Data Mining for Forecasting ED Patients' Admittance to Hospitals
Abstract
There is a risk that people may suffer serious harm as a result of overcrowding in emergency departments (EDs). As a result, emergency
clinics must explore employing innovative techniques to boost patient flow while simultaneously minimising congestion in the waiting area.
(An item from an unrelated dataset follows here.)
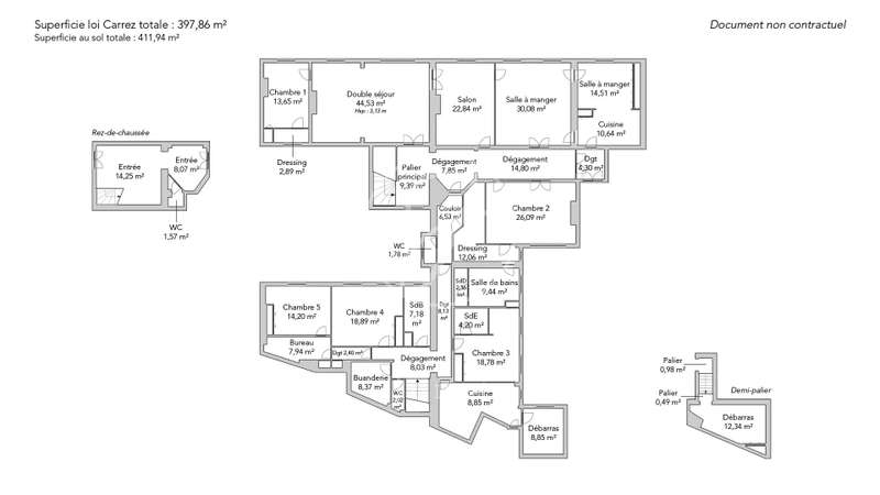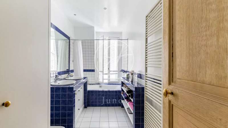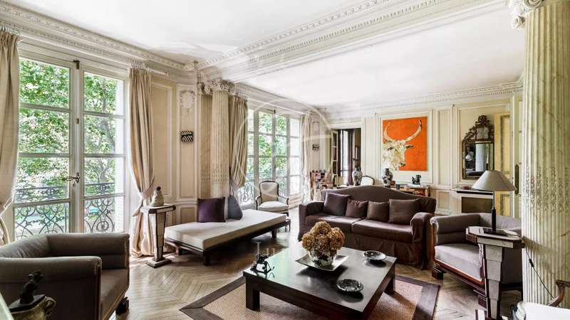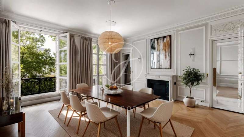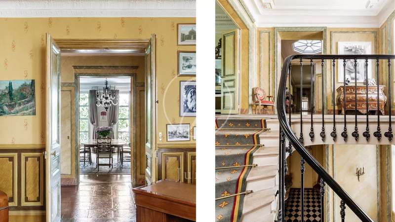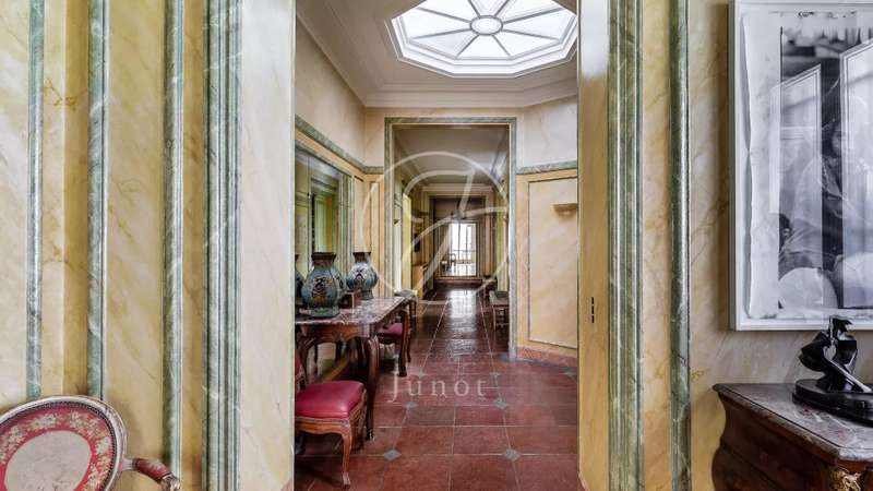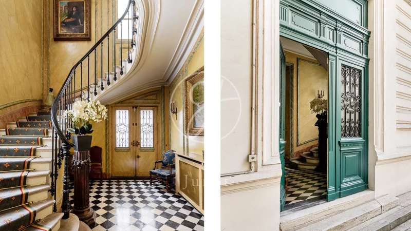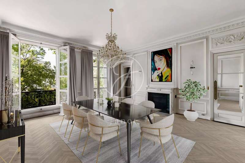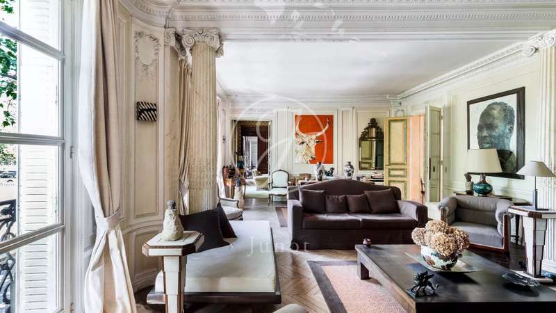 Ideally located between the Seine and the Marais, in the heart of a private mansion house. A reception flat with a floor surface area of 433.94sqm (397.86sqm Carrez), featuring a majestic entrance via a grand staircase that opens onto an entrance gallery with a glass roof, a succession of four reception rooms with unique views over the Seine, the bridges of Paris and the Hôtel Lambert. There is a boudoir, a double lounge with a fireplace and columns, a library, a splendid dining room and a galley kitchen. The second part of the flat extends around the courtyard of honour. It is dedicated to family life, with a master suite complete with bathroom and dressing room, three large bedrooms with two bathrooms, three toilets, a laundry room, a second kitchen with pantry, a service entrance and a private staircase leading to a garage. This incomparable property benefits from the charm of the grande époque with its numerous marble fireplaces, medallions, cartouches, stained glass windows and mouldings.

One option for projecting emergency department admissions is to use data mining and machine learning technologies to anticipate ED
admissions. This study, which takes use of routinely obtained administrative data (120 600 records) from two major acute hospitals in
Northern Ireland, presents a comparison of two rival machine learning algorithms for predicting the risk of admission from the emergency
department at the hospital. Three algorithms are used in the process of developing the prediction models: A decision tree may be divided into
three types, which are as follows: Decision trees include: 1) decision trees, 2) gradient boosted machines, and 3) logistic regression, which are
all types of decision trees (GBM). The GBM has an AUC-ROC D of 0:824 which was better than both the decision tree and the logistic
regression model (accuracy D 80:06 percent, AUC-ROC D 0:824). In this case, the accuracy is 80:06 percent and the AUC-ROC is 0:824. In
this situation, the accuracy is 80:31 percent, and the AUC-ROC is 0:859, which indicates a good fit. (0:849) (0:849) (AUC-ROC D 0:849)
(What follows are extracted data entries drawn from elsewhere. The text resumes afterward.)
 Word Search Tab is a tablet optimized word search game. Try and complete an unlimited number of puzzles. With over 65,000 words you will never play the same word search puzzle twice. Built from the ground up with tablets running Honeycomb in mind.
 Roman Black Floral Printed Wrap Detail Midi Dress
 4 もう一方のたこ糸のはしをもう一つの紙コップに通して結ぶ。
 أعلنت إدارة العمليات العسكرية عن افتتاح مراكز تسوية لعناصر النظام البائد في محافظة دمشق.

(accuracy D 79:94 percent). We discovered a number of factors that were connected with hospital admissions via the application of logistic
regression. These considerations included hospital location, age, arrival mode, triage category, care group, and previous hospitalisation
during the previous month or year, among other things. This study highlights the potential value of machine learning systems by using three
fundamental machine learning algorithms to predict patient admissions. Decision support systems may be able to offer a picture of expected
ED admissions at any given moment as a consequence of this study, allowing for resource planning ahead of time and avoiding patient flow
bottlenecks. This research also suggests that the models described in this study may be utilised to perform comparisons between projected and
actual admission rates. Generalised bivariate models (GBMs) are sufficient when interpretability is a concern; however, if accuracy is crucial,
logistic regression models should be considered.